Tumblin Tumbleweed said:


> Same with magaturds.


The latest is a democrat judge from a liberal state saying that Trump "likely" committed crimes. New York said the same thing and wound up giving up due to no evidence. Ditto every other Trump investigation. You guys are all proving that Trump is the squeakiest clean person there ever was.


----------



## Wickerthing

Independentthinker said:


> The latest is a democrat judge from a liberal state saying that Trump "likely" committed crimes. New York said the same thing and wound up giving up due to no evidence. Ditto every other Trump investigation. You guys are all proving that Trump is the squeakiest clean person there ever was.


Slimiest, not squeakiest.


----------



## Independentthinker

Wickerthing said:


> Slimiest, not squeakiest.


Well, if you can't prove any guilt other than your constant accusations then he is squeaky clean.


----------



## Wickerthing

Independentthinker said:


> Well, if you can't prove any guilt other than your constant accusations then he is squeaky clean.

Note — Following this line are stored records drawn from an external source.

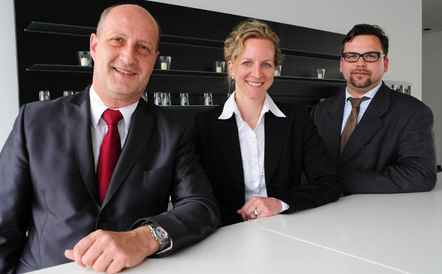 von 22: Stolz auf den neuen Standort (v.l.): Standortleiter André Reiser (Audi Berlin Gmb), Architektin Sabine Burkert und Tobias Fruh (beide von Volkswagen Immobilien VWI).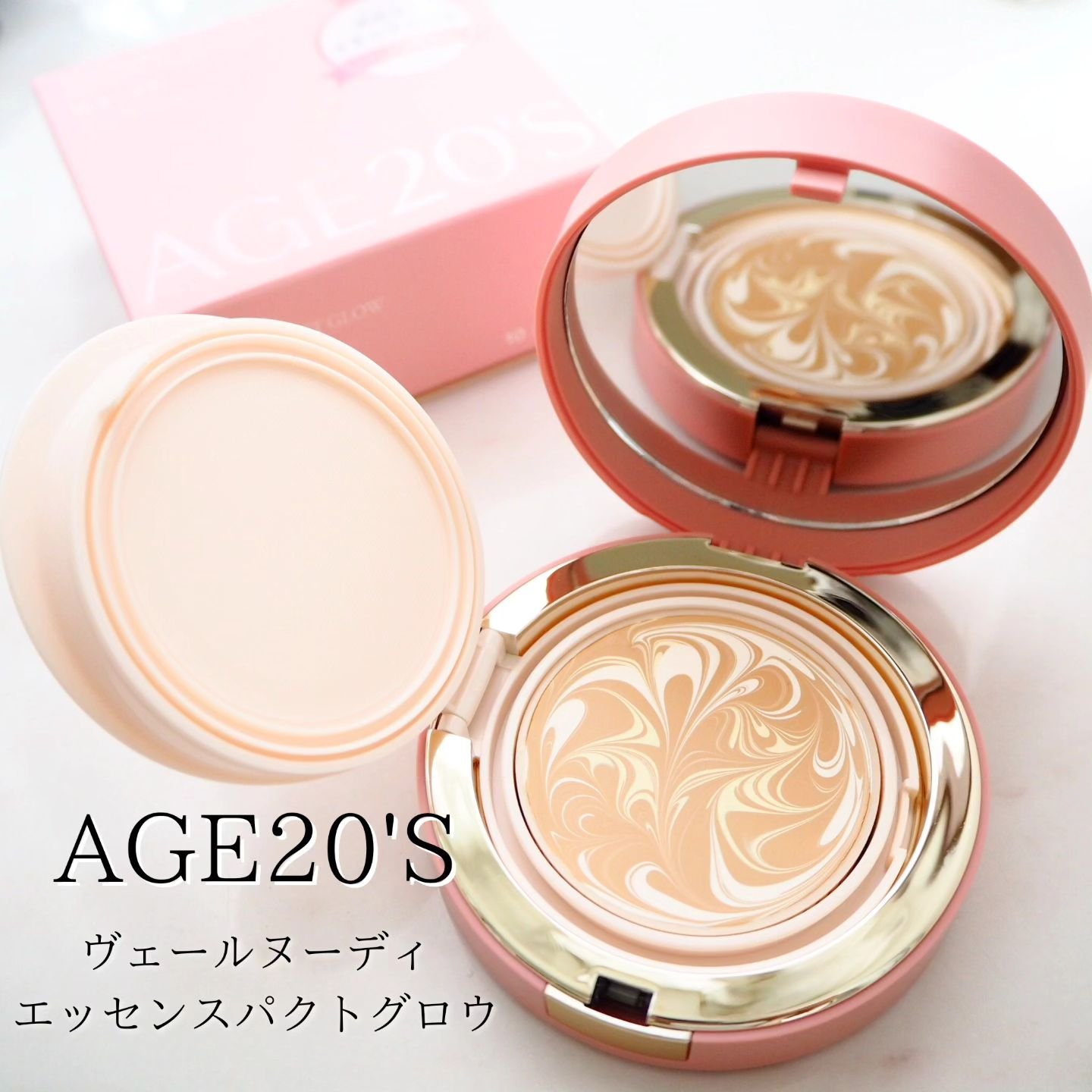 長時間乾燥知らず!ツヤ肌誕生❣️ AGE20’Sヴェールヌーディパクト カラーは10オークル♡ 使用感はしっとり潤い感 独自研究所で開発したコア技術「エッセンスポケット」を採用してるんだって 贅沢に美容液も配合しているからスキンケア感覚の美容液ファンデなの⭕️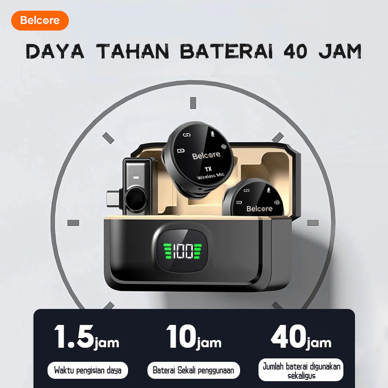 BELCORE D80 MAGNETIC WIRELESS CLIP ON MICROPHONE DUAL LAVALIER HP PLUG & PLAY LAPEL MIC WITH CHARGING CASE MIKROFON FOR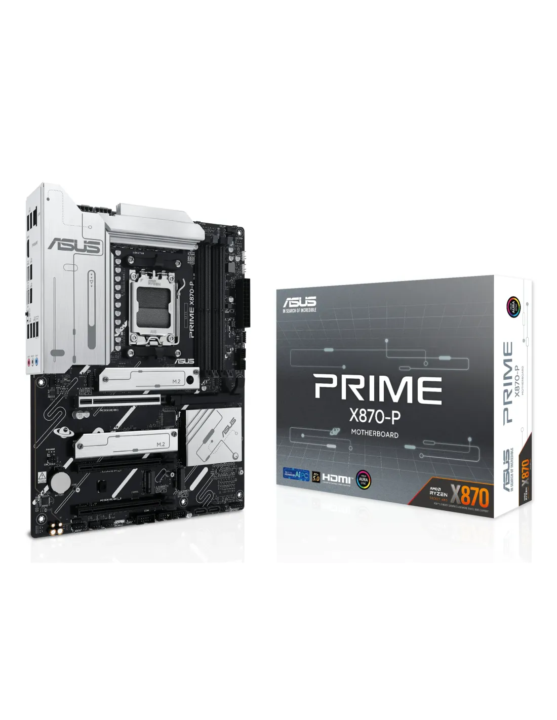 ASUS PRIME X870-P. Produttore processore: AMD, Presa per processore: Socket AM5, Processori compatibili: AMD Ryzen 7000 Series, AMD Ryzen 8000 Series, AMD Ryzen 9000 Series. Tipi di memoria supportati: DDR5-SDRAM, RAM massima supportata: 192 GB, tipo di slot di memoria: DIMM. Interfacce dell'unità di archiviazione supportate: M.2, SATA III, Tipi di unità di archiviazione supportate: HDD & SSD, Livelli RAID: 0, 1, 5, 10. versione DisplayPort: 1.4a. Tipo di interfaccia Ethernet: 2.5 Gigabit Ethernet
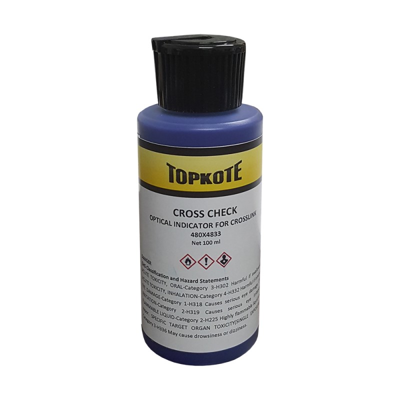 Cross Check concentrated optical indicator is designed for use in Crosslink wipe-on or spray-on adhesion promoter. It helps to create maximum visibility during application and aids in the prevention of uneven application.

By that measure, OJ was squeaky clean too.  Trump has been escaping accountability his whole adult life.  His time is coming.   And, keep in mind that unlike OJ,  Trump doesn't have a Dream Team of lawyers because he's screwed them all along the way.  No decent lawyer wants any part of that scoundrel and he's in a money bind because of all of his other legal problems.


----------



## Lastamender

Tumblin Tumbleweed said:


> Or maybe not. Maybe your bullshit won't *ever* be accepted by certain people. Now what? You gonna 'virtue signal' to avoid getting your stupid ass kicked? Because that's not gonna work.


Talking about the obvious fraud is not virtual signaling. Virtue signaling is supporting the the Ukraine when no ones knows what the fuck is going on. We can see the damage being done to this country and you want to ignore it.


----------



## Lastamender

Wickerthing said:


> Tell that to 60 judges, many of whom were Trump appointees.  And tell that to the many so-called audits of the vote count from your side.  Found exactly what evidence was there. None.  Zero.  Even found in one case that Biden had more votes than was reported.  Even Trump's former toady and AG. Bill Barr has described the "steal" as nonsense, which it is.


The words of proven liars and corrupt or intimidated judges only means there was never a proper investigation. There is too much new evidence to think any election in 2020 had any integrity.


----------



## Independentthinker

Wickerthing said:


> By that measure, OJ was squeaky clean too.  Trump has been escaping accountability his whole adult life.  His time is coming.   And, keep in mind that unlike OJ,  Trump doesn't have a Dream Team of lawyers because he's screwed them all along the way.  No decent lawyer wants any part of that scoundrel and he's in a money bind because of all of his other legal problems.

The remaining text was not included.